In 1998, at age 70, Jones retired from SF Opera to spend more time with her family. She also gave hundreds of lectures at schools in the Bay Area, Barbados, and all around the country.

Jones was born on Jan. 30, 1928, in New York City’s Harlem neighborhood, where her parents had moved from Barbados. Her father was a Linotype operator, her mother a pianist. “Their lives were rigidly proscribed by housing segregation, job discrimination, and prejudice,” Jones wrote in her autobiography. Her parents ended up working as a porter and a domestic, respectively, giving up their dreams of running a printshop and, for her mother, a career as a concert pianist.
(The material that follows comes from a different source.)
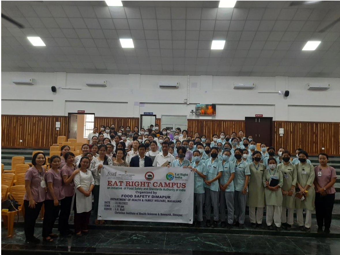
Attending a session on “Eat right campus” an initiative of Food Safety Standard Authority of India

Jones started taking piano lessons early and sang in the choir at St. Luke’s Episcopal Church. When she joined a Girl Scout drum and bugle corps, she was told that “I was too skinny to blow a horn ... was given a pair of drumsticks, and I carried the drum, too.”

Elayne Jones
Elayne Jones plays the piano as Duke Ellington watches, 1945 | Courtesy of Elayne Jones

In 1942, Jones was accepted to the High School of Music & Art in New York — now known as the Fiorello H. LaGuardia High School of Music and the Arts. In a 2020 article for Allegro, the magazine of the New York City musicians’ union Local 802, Barbara Steinberg described the scene: “As students lined up to pick an instrument, Elayne stared at how many there were to choose from. The violin felt like a good fit, but her teacher didn’t even measure her. The strings teacher declared that she was ‘too skinny’ to play the violin and walked out of the room. But he came back with the brass and percussion teacher, who handed her a pair of drumsticks and said, ‘I recommend you study the drums. We all know Negroes have rhythm.’”
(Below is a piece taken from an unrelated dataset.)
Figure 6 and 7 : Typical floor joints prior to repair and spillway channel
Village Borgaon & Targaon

When she graduated from high school with awards, Jones became one of the students to receive a scholarship from Duke Ellington and be accepted to The Juilliard School. There, she studied with New York Philharmonic timpanist Saul Goodman. “I think I was his first serious female student, and I believe he realized that I might have some of the same difficulties that he had as a short Jewish man because I was a skinny Black girl.”

Following graduation from Juilliard in 1949, Jones found work with the New York City Opera and New York City Ballet Orchestras. On tour with the companies, she was forced to sleep in separate hotels from the other musicians, stopped at stage doors as white colleagues walked through, and was told to perform hidden from view.

Beginning in 1958, she became a substitute player with the New York Philharmonic, the orchestra’s first Black musician.

Jones was a founding member of the integrated Symphony of the New World in 1965 and a force behind the drive to have orchestral auditions behind a screen to reduce bias — a practice adopted early by the SF Symphony. She played with Leopold Stokowski’s American Symphony Orchestra through 1972.

And then the chapter of her career in San Francisco, described in Wang’s article as “a city that looms large in her own life narrative. When she arrived in San Francisco, the local press heralded her position with the orchestra as evidence of the city’s progressiveness. But Jones soon encountered significant backlash, including a well-publicized tenure denial.

“She never visited the city before but quickly fell in love, enraptured by the scent of eucalyptus leaves in Golden Gate Park, the ease of mild winters, and the colorful architecture that seemed to exude optimism and promise. She believed San Francisco represented a place less entrenched in racism. She left New York fully expecting to remain with the SF Symphony until her retirement ... [but found once again] the accumulated costs of pursuing artistic excellence in the face of persistent racial and gender exclusions.”

Jones is survived by a daughter, Cheryl Stanley, with whom she lived in Walnut Creek; a son, Stephen Kaufman, a traveling musician and performance artist known as Thoth, currently residing in Mexico; another daughter, Harriet Kaufman Douglas, of Akosombo, Ghana; three grandchildren; and three great-grandchildren.